Music has no subject. It is neither the manifestation of an idea nor the illustration of a phenomenon. There is no musical heuristic. Music proves nothing. It refers to no dialectic of order and chaos, reveals no secret harmony of things, it does not render perceptible the mystery of mathematical relationships or the secret song of Nature. Nor does it call to God, nor does it corrupt the youth. It does far more than this.

- François J. Bonnet 

The grid has long functioned as a top-down cultural technology for organizing space and subjects. Orthogonal planning emerged in the Indus Valley around 2500 BC, with cities like Mohenjo-daro and Harappa laid out along straight streets, and standardized architecture intersecting at right angles. In ancient Egypt, around 1895 BC, under the reign of King Senusret II, Kahun (or Lahun) a city was built in a similar fashion—tellingly—to house temporary laborers enlisted to construct a tributary pyramid. Similar spatial ordering appeared in early Chinese imperial planning, with examples like Chang’an in the Tang dynasty, where the city’s rectilinear layout was bound up with cosmological ideas of political authority and cosmic harmony. In Mesoamerica, around 100 BCE, Teotihuacan emerged as a gridded city covering more than twenty square kilometers, with standardized living compounds and monumental axial avenues.

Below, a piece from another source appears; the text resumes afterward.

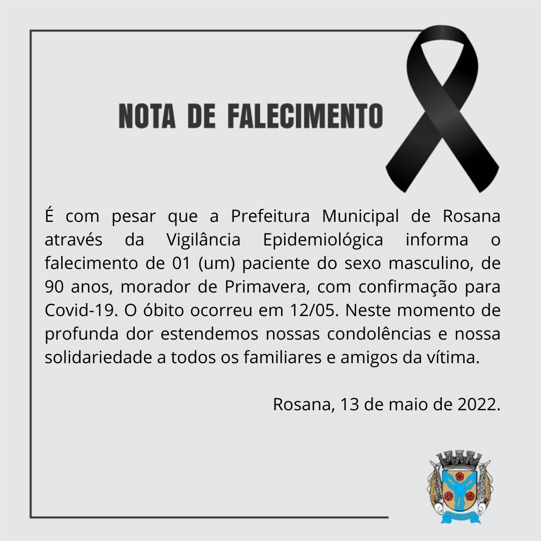 A Secretaria Municipal de Saúde de Rosana por meio do Comitê de Enfrentamento à Covid-19, informa à população que nesta sexta-feira, 13/05, 33 exames (de testes rápidos e PCR) confirmaram positivo para Covid-19 (26 de Primavera, 04 de Rosana, 03 da Gleba XV de Novembro), 21 exames de PCR testaram negativo, 48 pessoas estão recuperadas e 47 amostras de PCR foram enviadas para análise. É com pesar que a Vigilância Epidemiológica comunica 01 novo registro de óbito por Covid-19. O paciente era morador de Primavera, e tinha 90 anos. O óbito ocorreu em 12/05, desta forma temos:

Watercolor by Jean-Claude Golvin

Excavations at Mohenjo-daro in 1924

While much about the social relations of these cultures remains speculative, these projects developed in ways that imply a tendency to organize space and bodies into governable units. They appear as coordinated, external attempts to control contingent and autonomous movements and agencies—or a system of rule that operationalizes deixis, in the words of Bernhard Siegert.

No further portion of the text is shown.